UCF STIG Viewer Logo

The Horizon Connection Server must have Origin Checking enabled.


Overview

Finding ID Version Rule ID IA Controls Severity
V-246908 HRZV-7X-000027 SV-246908r790559_rule Medium
Description
RFC 6454 Origin Checking, which protects against cross-site request forging, is enabled by default on the Horizon Connection Server. When an administrator opens the Horizon 7 Console or a user connects to Blast HTML Access, the server checks that the origin URL for the web request matches the configured secure tunnel URL or "localhost". When the Connection Server is load balanced or front-ended by a Unified Access Gateway (UAG) appliance, origin checking will fail. This is commonly resolved by disabling origin checking entirely by specifying "checkOrigin=false" in the "locked.properties" file. This is not the proper solution. Instead, origin checking must be enabled and the load balancer and UAG appliances must be allowlisted via the "balancedHost" and "portalHost.X" settings in "locked.properties", respectively. Origin checking can be disabled by adding the entry "checkOrigin=false" to locked.properties, usually for troubleshooting purposes. The default, "checkOrigin=true" or unspecified configuration must be verified and maintained.
STIG Date
VMware Horizon 7.13 Connection Server Security Technical Implementation Guide 2021-07-30

Details

Check Text ( C-50340r768682_chk )
On the Horizon Connection Server, navigate to "\VMware\VMware View\Server\sslgateway\conf".
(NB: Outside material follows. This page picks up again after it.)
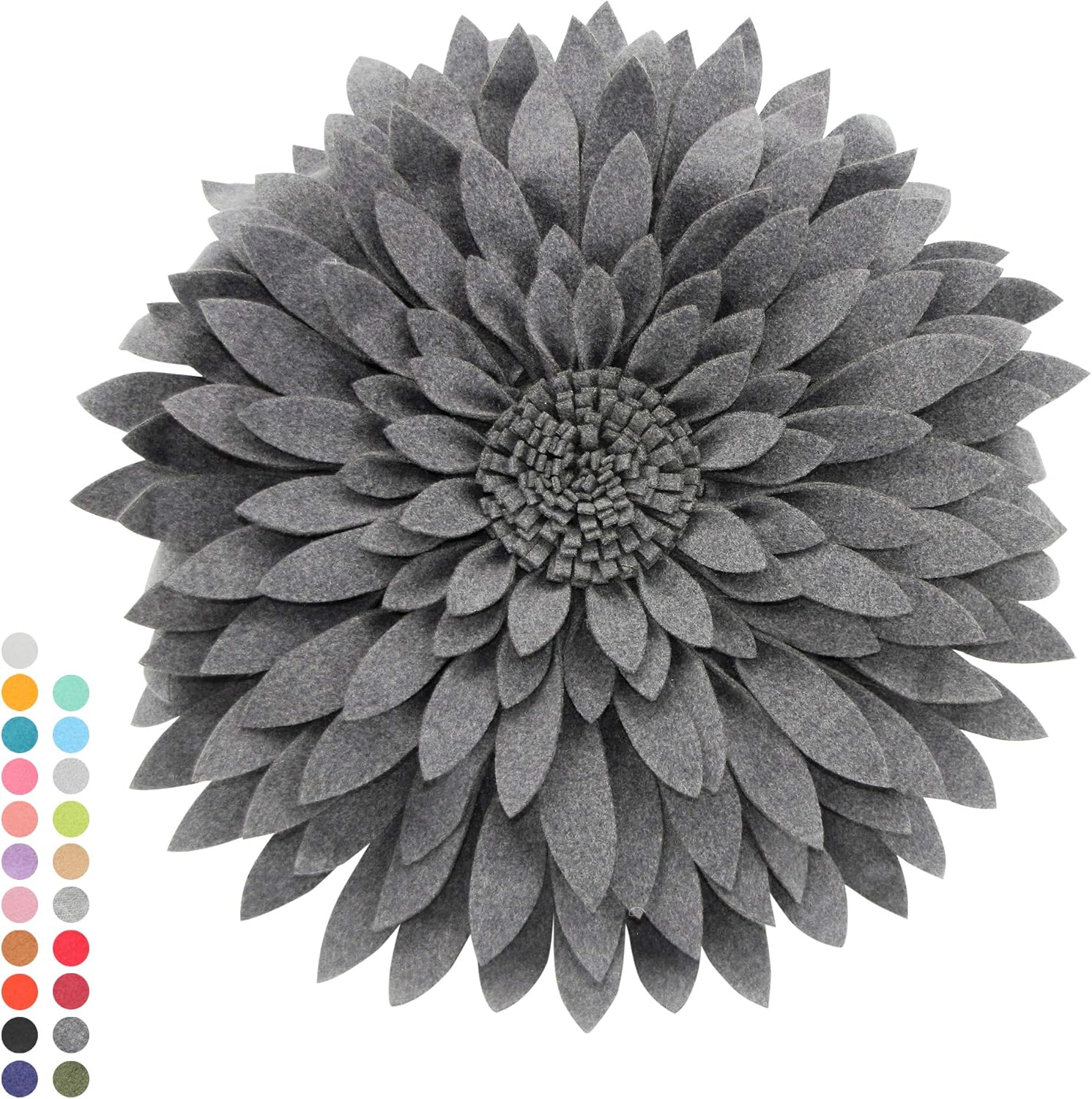 Contempo Lifestyles 3D Daisy Flower Decorative Pillow - Patented Design, Couch & Bed Decor (18" Flower, 16" Pillow, Dark Heather Grey)

If a file named "locked.properties" does not exist in this path, this is NOT a finding.

Open "locked.properties" in a text editor. Find the "checkOrigin" setting.
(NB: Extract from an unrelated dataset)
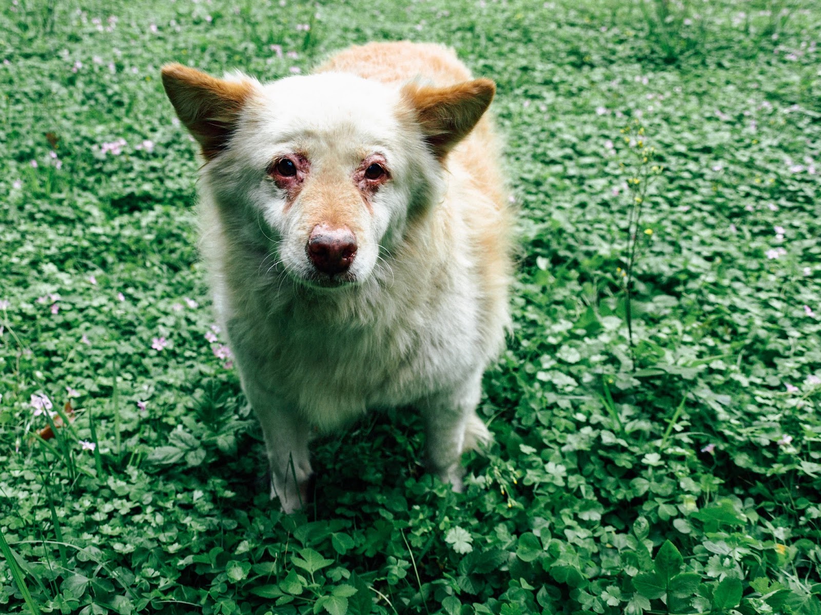 成明信片。這位輔大明星校犬「蝦米」,因為患有皮膚病,所以

If there is no "checkOrigin" setting, this is NOT a finding.

If "checkOrigin" is set to "false", this is a finding.
Fix Text (F-50294r790558_fix)
On the Horizon Connection Server, navigate to "\VMware\VMware View\Server\sslgateway\conf".

Open "locked.properties" in a text editor. Remove the following line:

checkOrigin=false

To allowlist a load balancer in front of the Connection Server, add the following line:

balancedHost=load-balancer-name-here

To allowlist Unified Access Gateway (UAG) gateways, add every address using the following format and pattern:

portalHost.1=access-point-name-1
portalHost.2=access-point-name-2
...

Save and close the file. Restart the "VMware Horizon View Connection Server" service for changes to take effect.